TASK> Using the records below, transcribe word for word the stretch from the line that contains "在数据汇交过程中,数据提交方" through the line that contains "('pasar'), junto a", both end lines included, and nothing else.

INFORMATION>

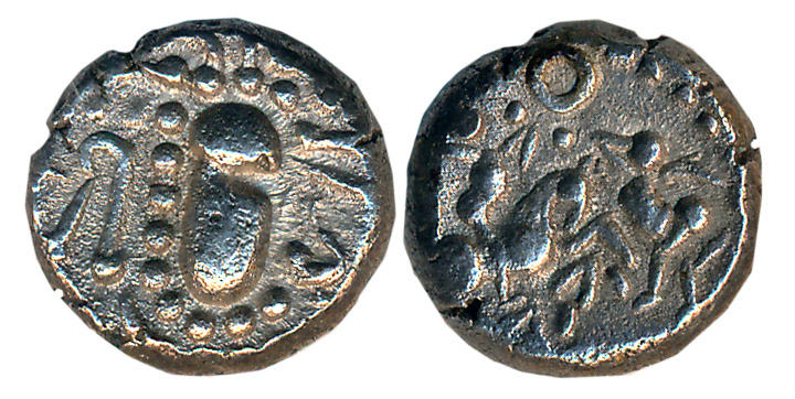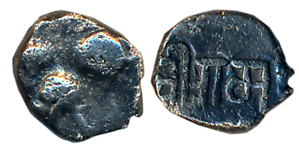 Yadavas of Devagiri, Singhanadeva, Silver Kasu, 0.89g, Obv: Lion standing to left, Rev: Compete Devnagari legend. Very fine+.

* * *

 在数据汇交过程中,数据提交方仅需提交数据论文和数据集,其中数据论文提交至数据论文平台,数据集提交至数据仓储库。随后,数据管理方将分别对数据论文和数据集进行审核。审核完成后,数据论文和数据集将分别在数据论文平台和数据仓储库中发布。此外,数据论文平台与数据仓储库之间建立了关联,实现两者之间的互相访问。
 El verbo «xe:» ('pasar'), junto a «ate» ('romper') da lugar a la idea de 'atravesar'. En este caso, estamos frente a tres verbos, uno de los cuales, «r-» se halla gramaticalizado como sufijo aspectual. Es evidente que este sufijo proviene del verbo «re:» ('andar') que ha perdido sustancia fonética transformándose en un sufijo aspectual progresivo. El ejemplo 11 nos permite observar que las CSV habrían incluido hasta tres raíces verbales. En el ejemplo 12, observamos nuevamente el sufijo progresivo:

...

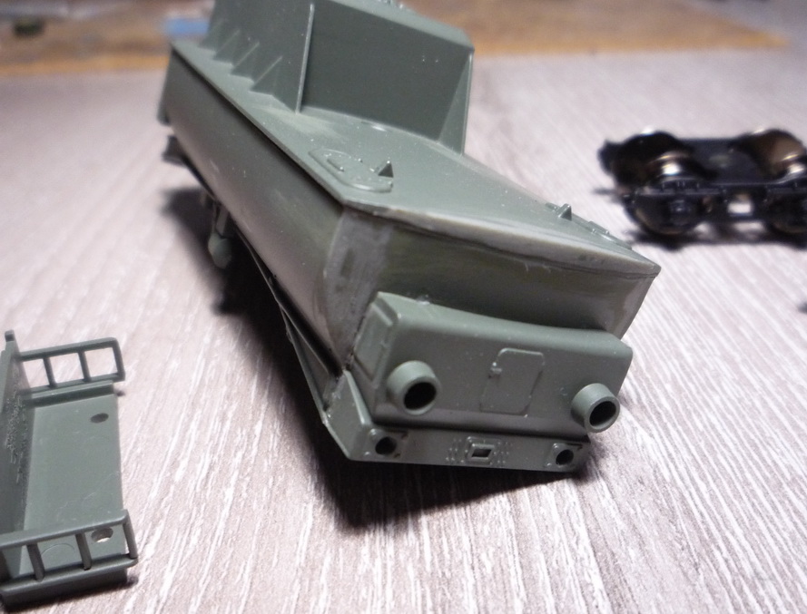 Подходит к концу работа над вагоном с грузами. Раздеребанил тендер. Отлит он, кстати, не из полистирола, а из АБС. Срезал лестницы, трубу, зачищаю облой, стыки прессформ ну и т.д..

ANSWER TO THIS TASK>
 在数据汇交过程中,数据提交方仅需提交数据论文和数据集,其中数据论文提交至数据论文平台,数据集提交至数据仓储库。随后,数据管理方将分别对数据论文和数据集进行审核。审核完成后,数据论文和数据集将分别在数据论文平台和数据仓储库中发布。此外,数据论文平台与数据仓储库之间建立了关联,实现两者之间的互相访问。
 El verbo «xe:» ('pasar'), junto a «ate» ('romper') da lugar a la idea de 'atravesar'. En este caso, estamos frente a tres verbos, uno de los cuales, «r-» se halla gramaticalizado como sufijo aspectual. Es evidente que este sufijo proviene del verbo «re:» ('andar') que ha perdido sustancia fonética transformándose en un sufijo aspectual progresivo. El ejemplo 11 nos permite observar que las CSV habrían incluido hasta tres raíces verbales. En el ejemplo 12, observamos nuevamente el sufijo progresivo:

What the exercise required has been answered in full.